[ZODB-Dev] Increasing MAX_BUCKET_SIZE for IISet, etc

Thu Jan 27 04:48:34 EST 2011

Hi.

On Thu, Jan 27, 2011 at 9:00 AM, Matt Hamilton <matth at netsight.co.uk> wrote:
> Alas we are. Or rather, alas, ZCatalog does ;) It would be great if it
> didn't but it's just the way it is. If I have 300,000 items in my
> site, and everyone of them visible to someone with the 'Reader'
> role, then the allowedRolesAndUsers index will have an IITreeSet
> with 300,000 elements in it. Yes, we could try and optimize out that
> specific case, but there are others like that too. If all of my
> items have no effective or expires date, then the same happens with
> the effective range index (DateRangeIndex 'always' set).

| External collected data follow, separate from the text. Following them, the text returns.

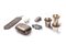 tre bicchierini russi datati 1888; una piccola scatola savonnette finemente incisa con motivi floreali; una fibbia; due portamonete; un braccialetre bicchierini russi datati 1888; una piccola scatola savonnette finemente incisa con motivi floreali; una fibbia; due portamonete; un bracciale
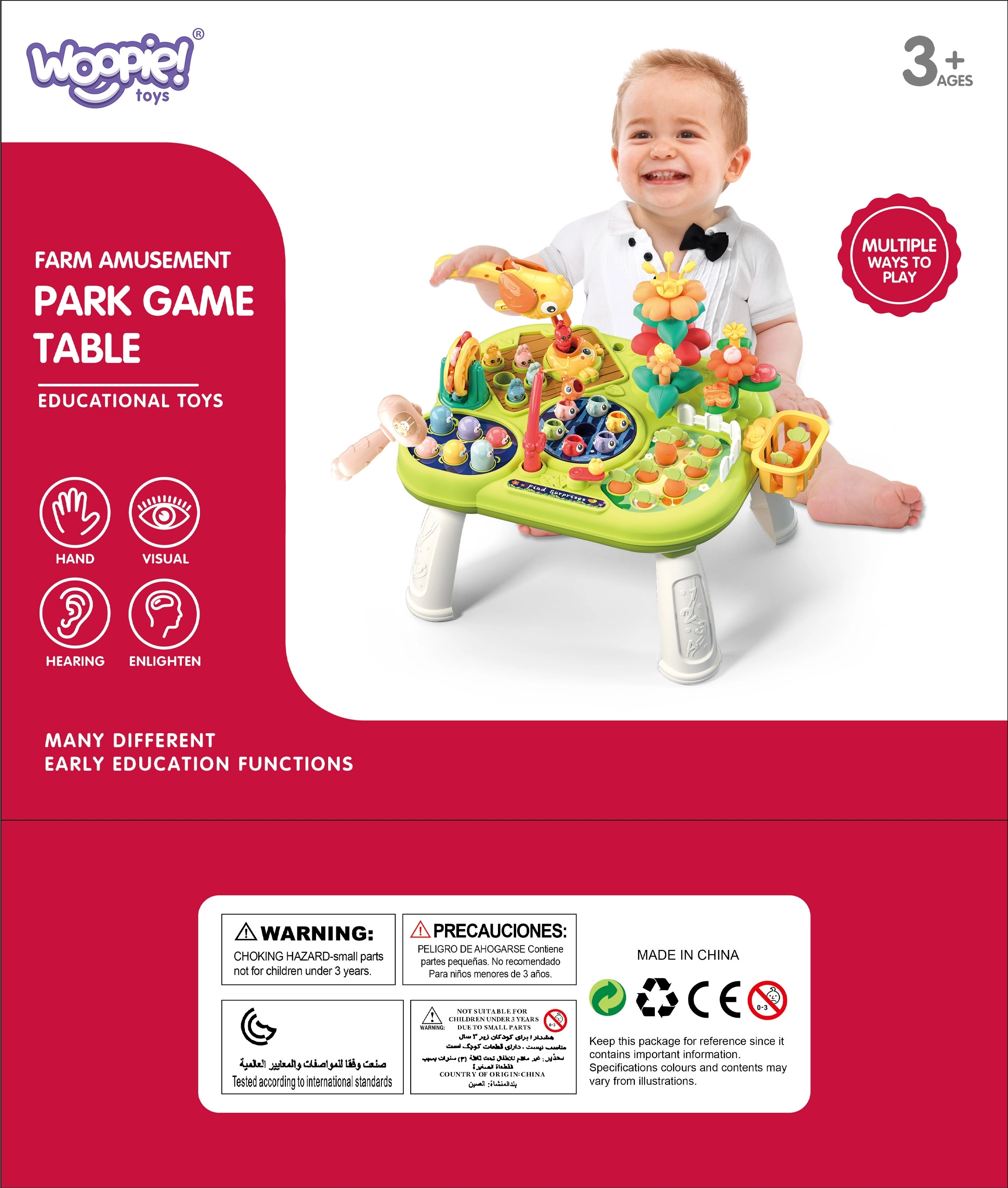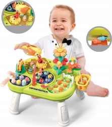 Интерактивната мулти масичка WOOPIE носи на децата забавление и развитие в едно. Благодарение на 8 активности в 1 предлага дълги часове откривателство: ловене на рибки, изчукване на червейчета с чукче, градинарство с цветя и морковчета или игра с птичето при издърпване на червейче. Подпомага фината моторика, търпението, концентрацията и координацията око–ръка.
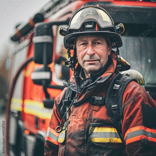 © sarana, Obraz premium Career and Professions A dedicated firefighter
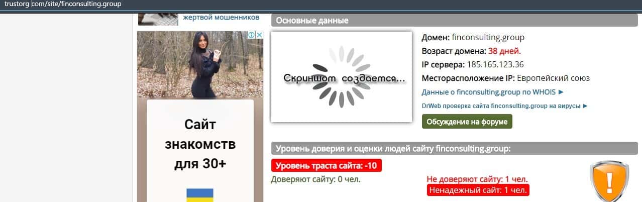 Официальный сайт псевдоконторы Файнэншил Консалтинг, по данным одного ресурса, был создан больше 38 дней, поэтому эта кухня-однодневка в скором времени соскамится.

You are using queryplan in the site, right? The most typical catalog
query for Plone consists of something like ('allowedRolesAndUsers',
'effectiveRange', 'path', 'sort_on'). Without queryplan you indeed
load the entire tree (or trees inside allowedRolesAndUsers) for each
of these indexes.

With queryplan it knows from prior execution, that the set returned by
the path index is the smallest. So it first calculates this. Then it
uses this small set (usually 10-100 items per folder) to look inside
the other indexes. It then only needs to do an intersection of the
small path set with each of the trees. If the path set has less then
1000 items, it won't even use the normal intersection function from
the BTrees module, but use the optimized Cython based version from
queryplan, which essentially does a for-in loop over the path set.
Depending on the size ratio between the sets this is up to 20 times
faster with in-memory data, and even more so if it avoids database
loads. In the worst case you would load buckets equal to length of the
path set, usually you should load a lot less.

We have large Plone sites in the same range of multiple 100.000 items
and with queryplan and blobs we can run them with ZODB cache sizes of
less than 100.000 items and memory usage of 500mb per single-threaded
process.

Of course it would still be really good to optimize the underlying
data structures, but queryplan should help make this less urgent.

> Ahh interesting, that is good to know. I've not actually checked the
> conflict resolution code, but do bucket change conflicts actually get
> resolved in some sane way, or does the transaction have to be
> retried?

Conflicts inside the same bucket can be resolved and you won't get to
see any log message for them. If you get a ConflictError in the logs,
it's one where the request is being retried.

>> And imagine if you use zc.zlibstorage to compress records! :)
>
> This is Plone 3, which is Zope 2.10.11, does zc.zlibstorage work on
> that, or does it need newer ZODB?

zc.zlibstorage needs a newer ZODB version. 3.10 and up to be exact.

> Also, unless I can sort out that
> large number of small pickles being loaded, I'd imagine this would
> actually slow things down.

The Data.fs would be smaller, making it more likely to fit into the OS
disk cache. The overhead of uncompressing the data is small compared
to the cost of a disk read instead of a memory read. But it's hard to
say what exactly happens with the cache ratio in practice.

Hanno